▶ _MATERIAL PROVIDED_
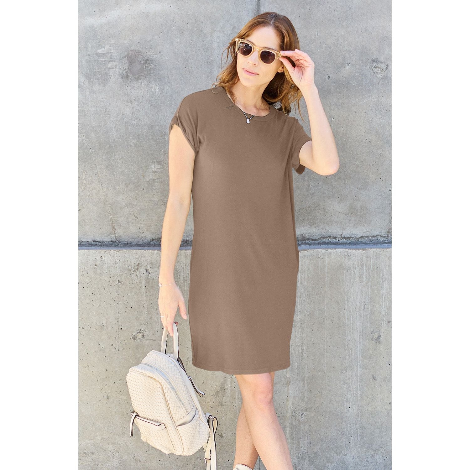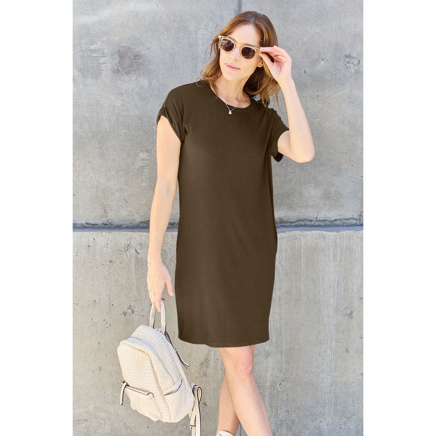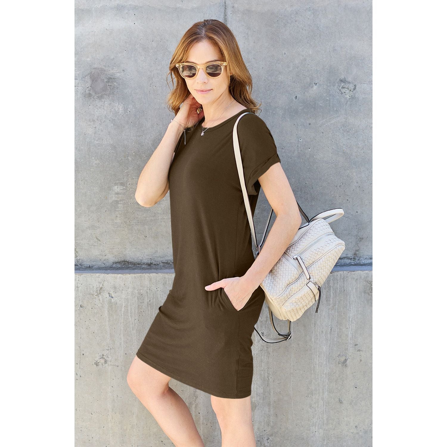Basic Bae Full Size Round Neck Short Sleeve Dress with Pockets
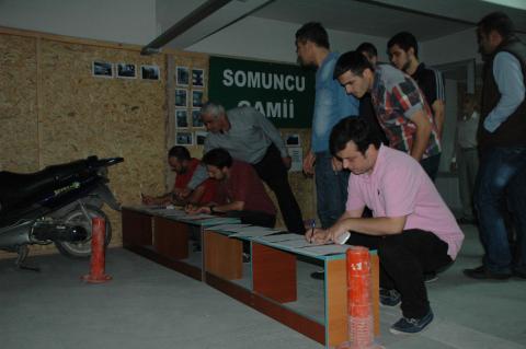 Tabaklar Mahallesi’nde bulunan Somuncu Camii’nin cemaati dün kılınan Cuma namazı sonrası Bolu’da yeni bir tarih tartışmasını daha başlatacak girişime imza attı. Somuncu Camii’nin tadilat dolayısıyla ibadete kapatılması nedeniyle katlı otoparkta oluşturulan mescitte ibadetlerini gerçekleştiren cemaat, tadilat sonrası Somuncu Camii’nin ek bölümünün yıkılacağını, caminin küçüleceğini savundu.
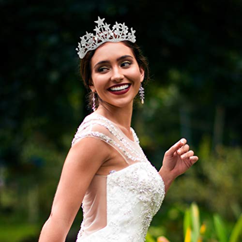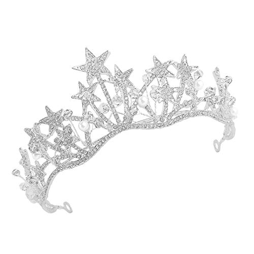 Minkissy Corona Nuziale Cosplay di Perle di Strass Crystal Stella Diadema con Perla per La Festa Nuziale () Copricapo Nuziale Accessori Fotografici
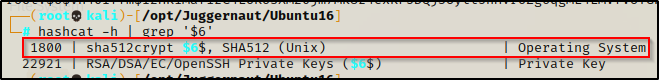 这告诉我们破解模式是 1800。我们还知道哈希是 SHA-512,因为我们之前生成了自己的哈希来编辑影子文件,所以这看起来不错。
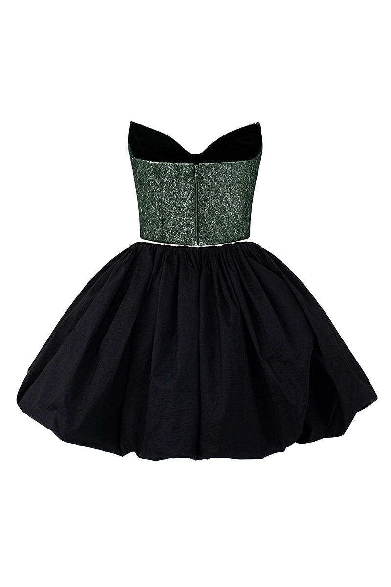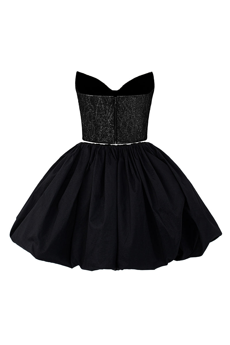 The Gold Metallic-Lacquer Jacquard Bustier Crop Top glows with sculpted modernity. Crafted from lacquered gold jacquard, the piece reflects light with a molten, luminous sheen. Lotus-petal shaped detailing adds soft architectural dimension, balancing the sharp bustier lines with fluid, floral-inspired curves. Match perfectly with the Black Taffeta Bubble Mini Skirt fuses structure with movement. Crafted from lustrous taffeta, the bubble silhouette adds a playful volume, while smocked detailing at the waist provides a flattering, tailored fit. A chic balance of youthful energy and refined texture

▶ _WHAT YOU NEED TO DO_
Skip the pictures and quote each line of the entries above, from the first through the line with "Tabaklar Mahallesi’nde bulunan", exactly as it appears.

▶ _TASK OUTPUT_
Basic Bae Full Size Round Neck Short Sleeve Dress with Pockets
 Tabaklar Mahallesi’nde bulunan Somuncu Camii’nin cemaati dün kılınan Cuma namazı sonrası Bolu’da yeni bir tarih tartışmasını daha başlatacak girişime imza attı. Somuncu Camii’nin tadilat dolayısıyla ibadete kapatılması nedeniyle katlı otoparkta oluşturulan mescitte ibadetlerini gerçekleştiren cemaat, tadilat sonrası Somuncu Camii’nin ek bölümünün yıkılacağını, caminin küçüleceğini savundu.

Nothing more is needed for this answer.